In 1802, after the brief War of the Oranges in 1801, there were 24 artillery pieces of various calibres: eight on the original battery, twelve on a new battery, and four on the terrace above the strong house. In the context of the Peninsular War (1808–1814) the Fort of São João das Maias was integrated into the third of three lines of defence known as the Lines of Torres Vedras, at the extremity of a wall and trench designated "Military Work No. 110" out of a total of 152 works in the three lines. While the first two lines to the north of Lisbon were designed to protect the Portuguese capital, this third line was aimed at protecting the possible evacuation of Portuguese and British soldiers, the latter commanded by Arthur Wellesley, 1st Duke of Wellington. The evacuation was planned to take place at the fort of São Julião da Barra but was not required due to the success of the most northerly of the lines in resisting French troops.
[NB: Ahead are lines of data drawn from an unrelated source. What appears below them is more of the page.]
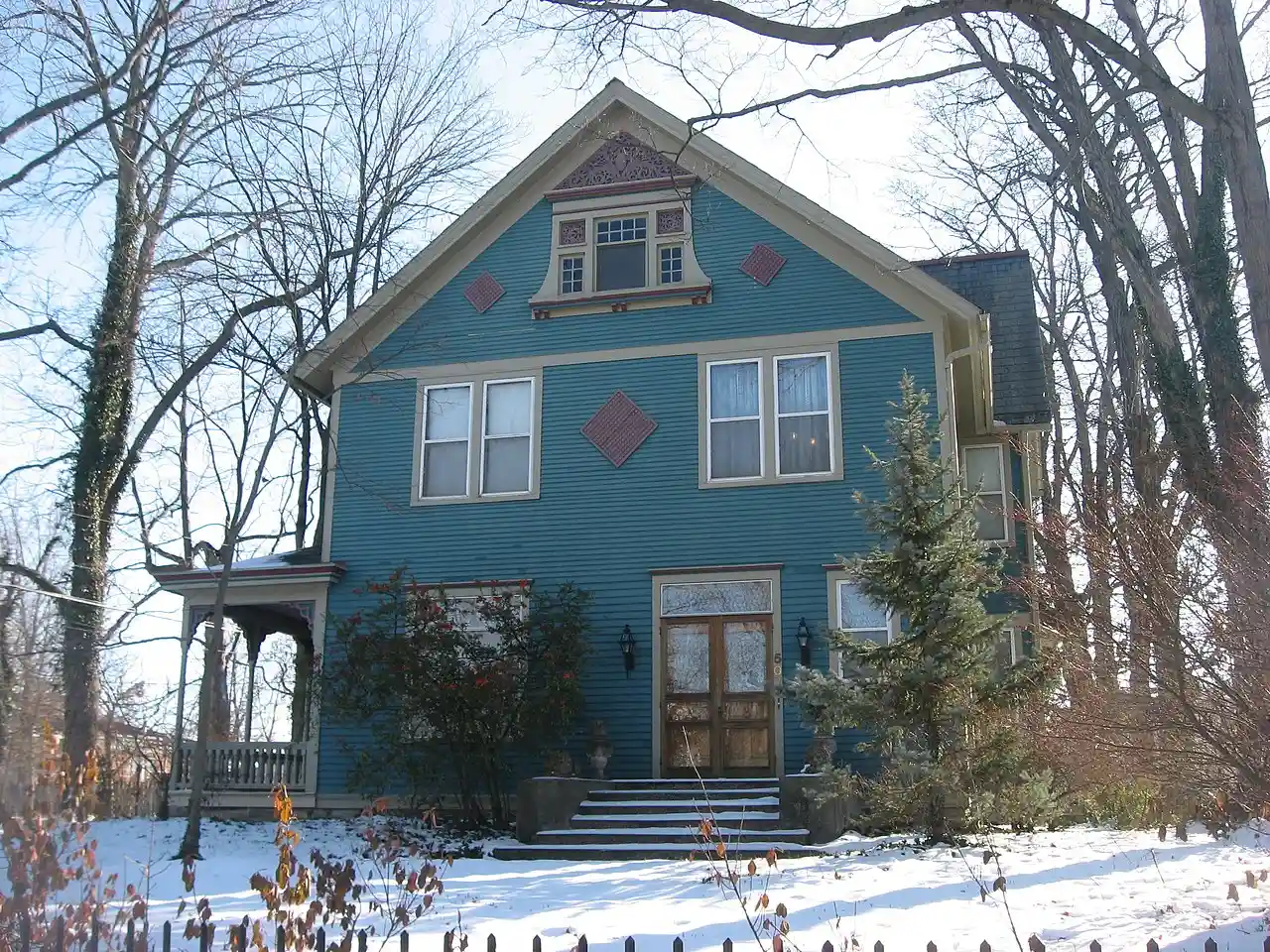 Mountz House is a historic home located at Garrett, DeKalb County, Indiana. It was built in 1893, and is a two-story, four bay by five bay, Queen Anne style frame dwelling. It has a cross gable roof and two-story gabled wing. It sits on a fieldstone foundation and has a pitched slate roof. It has narrow clapboard siding and decorative diamond-shaped checkerboard pattern panels. It features a front porch with turned posts and decorative brackets. Also on the property is a contributing barn. Note: This includes and Accompanying photographs. Read more on Wikipedia
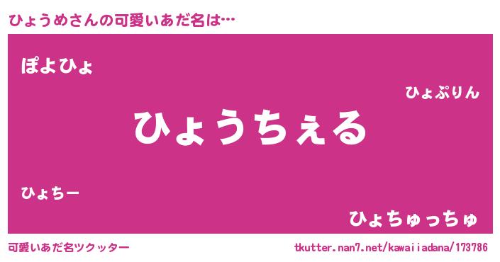 | 意味不明あだ名 | 『自称ひょうめ』『ニラ科ひょうめ属』 |
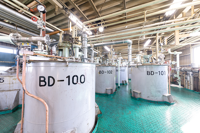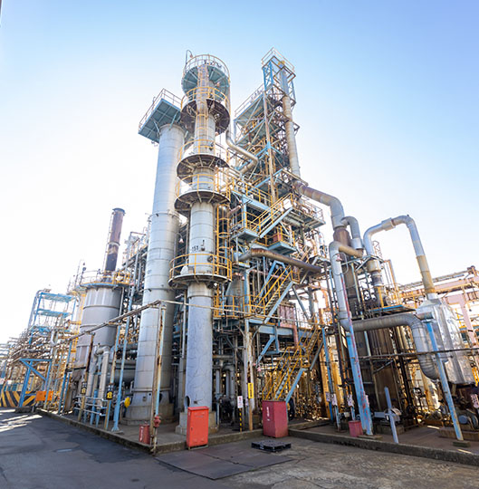 三共油化工業では、世界最高水準のプラントと独自技術を備えた製造装置により、製品の高品質と安全性を追求しています。
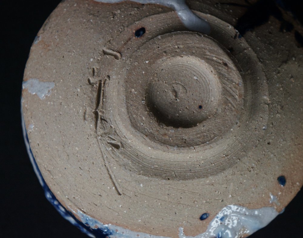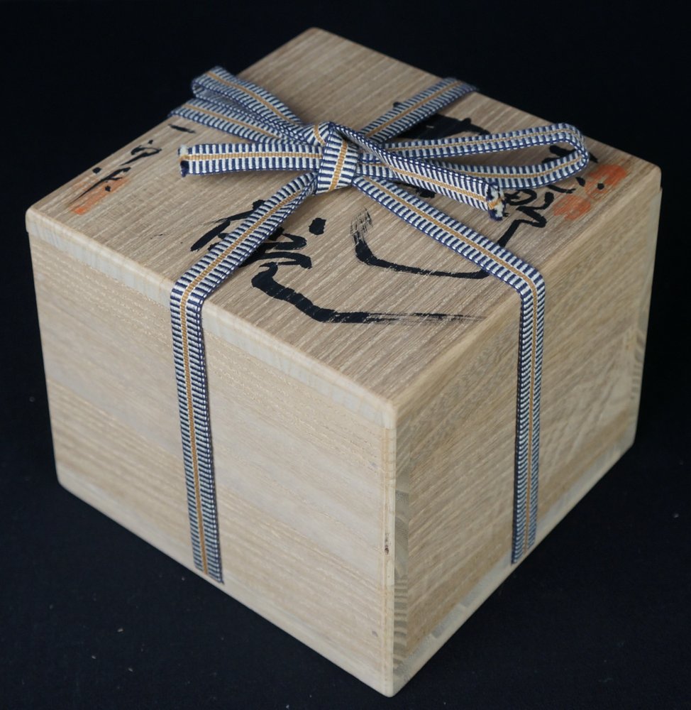 Fine craft Shino Chawan ceramic hand made bowl, kiln craft Shino style. Abstract motive surface, slightly irregular shape and glazing. Signed by maker on bottom and box lid Ichiu (一卯). Very good conditions, with protective wood box. Immediately usable.

At the time of the Portuguese Civil War (1828–1834), the fort had 14 artillery pieces of various calibres. It was rebuilt in 1853 and further restoration was carried out in 1868 but the fort was never again used and, like other coastal fortifications at the time, it eventually fell into disrepair. In 1940 some of its land was given over for the construction of the new coastal road from Lisbon to Cascais, known as the Marginal. After this it had various uses as holiday camps for military families, including for the Portuguese Legion, a paramilitary organization of the right-wing Estado Novo dictatorship. After the return to democracy with the Carnation Revolution in 1974, the fort was returned to the armed forces, and continued to be used as a holiday camp until 1996.